Page MenuHomePhabricator

Fix alerting for disk space on the NFS servers
Closed, ResolvedPublic

Description

Right now, /srv/tools is at 91%, but icinga reports a warning for 80%. This needs to be fixed somehow.
I don't think I've ever been paged by the setup it has for the right amount.

Event Timeline

Bstorm created this task.

So the reason alerting is not useful to us for NFS volumes is that disk alerting is assumed to be part of host monitoring.
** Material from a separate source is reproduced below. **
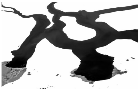
Tuck Fauntleroy, Confluence II , edition 1 of 9, 2024, Archival pigment print, 40 x 60 inches

That's great except it doesn't make sense for NFS volumes due to their scale (3% free means something very different on a multi-user 9 TB volume than it does on a 20 GB root vol).

I'm finishing up a monitoring class that should fix that.

Change 622655 had a related patch set uploaded (by Bstorm; owner: Bstorm):
[operations/puppet@production] shared-storage: add specific NFS volume monitoring for cleanups

https://gerrit.wikimedia.org/r/622655

Change 622655 merged by Bstorm:
[operations/puppet@production] shared-storage: add specific NFS volume monitoring for cleanups

https://gerrit.wikimedia.org/r/622655

Change 622877 had a related patch set uploaded (by Bstorm; owner: Bstorm):
[operations/puppet@production] shared-storage: add specific NFS volume monitoring for cleanups

https://gerrit.wikimedia.org/r/622877

Change 622877 merged by Bstorm:
[operations/puppet@production] shared-storage: add specific NFS volume monitoring for cleanups

https://gerrit.wikimedia.org/r/622877

This should be fixed now